Financing

Why casual dining should listen to consumers instead of Jonathan Maze

The problem isn't oversupply. It's under-demand.
Restaurant Business

Does it make sense for casual-dining concepts to close locations as a way to save the segment? RB Executive Editor Jonathan Maze and Editor-at-Large Peter Romeo offer opposing points of view. For the alternate take, see The Bottom Line.

peter romeo jonathan maze


My once-balanced colleague would like the casual-dining market to lose the equivalent of an Applebee’s, presumably in short order, to create a windfall for the places that remain. That’s like figuring you’ll get more of mom’s after-dinner apple pie if you just put out fewer dessert plates. Yeah, you might—might—get an extra forkful or two. But wouldn’t it be better if you just pushed for a bigger pie?

Casual dining is less a casualty of overbuilding than a victim of under-demand, the near-systematic turnoff of the consumer types who once made the sector as hot as any in the business. The idea was to provide the generation that grew up on fast food with places where they could get a simple meal and an adult beverage without hesitating because of price or a too-limited array of choices.

That simple formula was lost in the rapid expansion that followed for the sector, but not because of the increase in supply. It was a classic example of boiling a frog.
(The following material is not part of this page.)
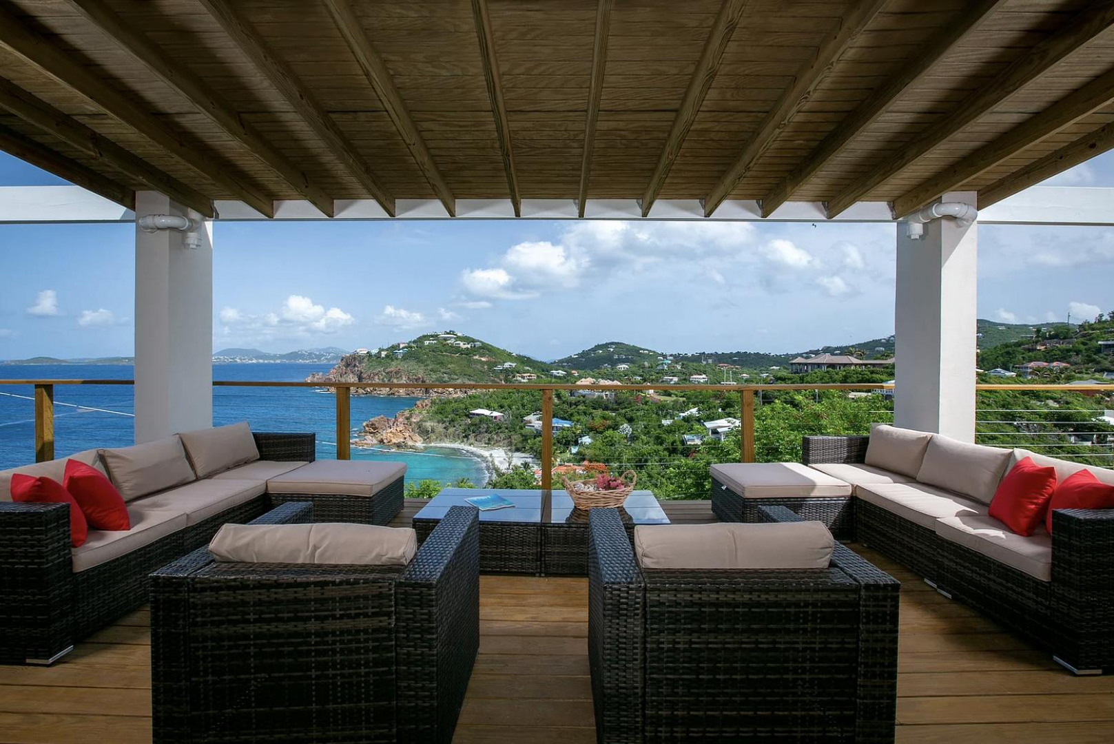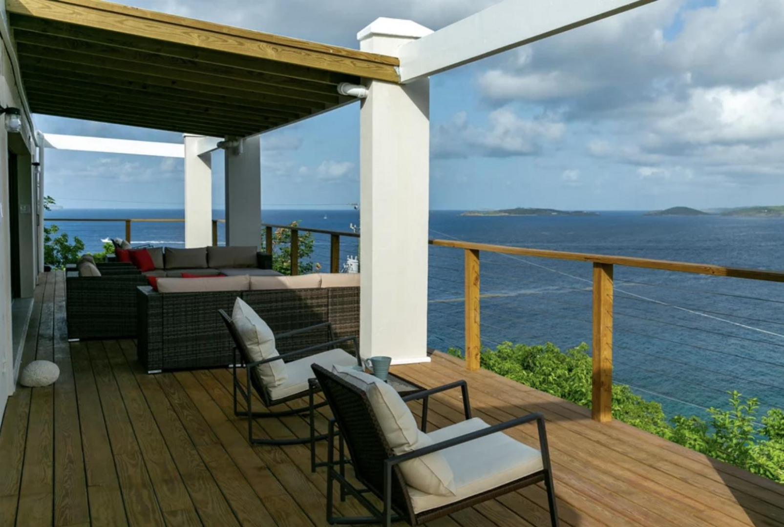 As seen on HGTV's House Hunters International, AVONTUUR VILLA is a perfect escape into the paradise that is St. John with dual water views! This extremely successful vacation rental offers a flexible layout with opportunity for multiple units. Resting high on the hilltop on a full acre of land in desirable Chocolate Hole, this breathtaking villa is just minutes from Cruz Bay's beaches, shopping, and the ferry to St Thomas & BVI. Completely renovated in 2019, with over 3,000 sq. ft. of interior living space and over 5,000 sq. ft. of outdoor space, unparalleled panoramic views of Hart Bay, Dever's Bay and Chocolate Hole, Avontuur Villa brings together true island decor with modern amenities to offer the full experience of St John.

Compromise after compromise, though each very slight, undercut the sense of getting a meal that an independent might proudly offer, but at a price reflecting the economies of a chain.

Two decades of knee-jerk copycatting only made the situation worse.
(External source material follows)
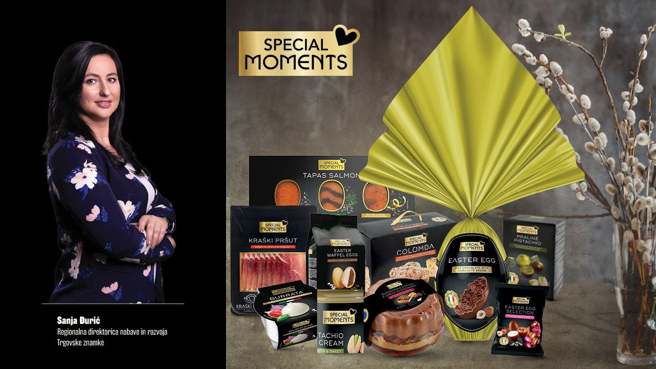 „Razvoj velikonočne ponudbe linije Special Moments je bil izziv, ki smo ga z veseljem sprejeli. Naš cilj je bil ustvariti linijo izdelkov, ki bo našim kupcem omogočila praznovanje velike noči s tradicionalnimi dobrotami, hkrati pa ponudila nekaj novega in posebnega. Pri izbiri izdelkov smo se osredotočili na različne okuse, med jedmi boste tako našli raznovrstne ribje specialitete. Za sladkosnede smo pripravili tudi edinstveno potično torto in tradicionalni italijanski kolač colomba ter vrsto čokoladnih izdelkov. Želeli smo ponuditi izdelke, ki bodo izstopali po kakovosti in prijazni ceni, da bodo praznični trenutki še posebej posebni za vsakega kupca,“ je povedala Sanja Đurić.

Euthanizing 2,000 units isn’t going to fix those demand problems. It’s just going to limit the options available to a disenchanted consumer base. The customers who shift a visit or two to the surviving restaurants will be there by default, not desire.

Meanwhile, they’ll still feel that tug from the fast-casual market, where they can get everything they would from a casual place—except the often slipshod service that tacks another 15% onto their bills.
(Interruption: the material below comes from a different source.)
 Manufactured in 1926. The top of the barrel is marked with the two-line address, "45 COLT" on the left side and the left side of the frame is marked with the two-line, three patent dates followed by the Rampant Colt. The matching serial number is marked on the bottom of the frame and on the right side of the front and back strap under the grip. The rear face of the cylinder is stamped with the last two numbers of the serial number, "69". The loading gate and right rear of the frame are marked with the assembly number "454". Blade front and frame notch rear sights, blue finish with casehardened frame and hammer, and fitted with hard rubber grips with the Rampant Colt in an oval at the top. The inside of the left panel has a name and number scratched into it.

And don’t forget the siren call of traditional quick-service places, which mastered the art of reinvention while casual let its relevance wane, too preoccupied with competitors to stay in tune with customers.

It doesn’t have to be that way, though. Look at the success of casual newcomers like HopCat or The Lost Cajun, places that are proudly different and don’t care if that turns off some potential patrons. HopCat, for instance, flat-out warns families they’ll have to come early or not at all: After 10 p.m., anyone under 21 will be turned away because the concept is all about drinking beer.

It knows the fallacy of trying to be all things to all people, and focuses instead on giving its limited fan base—true beer explorers—what they want. That allows it to avoid the marketing slogan suggested by Jonathan’s solution: “Eat and drink here because other places aren’t open.”

Maybe a unit or two of his 2,000 unplugged stores could serve as labs to rekindle casual dining’s mojo. Otherwise, they’d just be indications the sector has thrown in the napkin on fostering demand.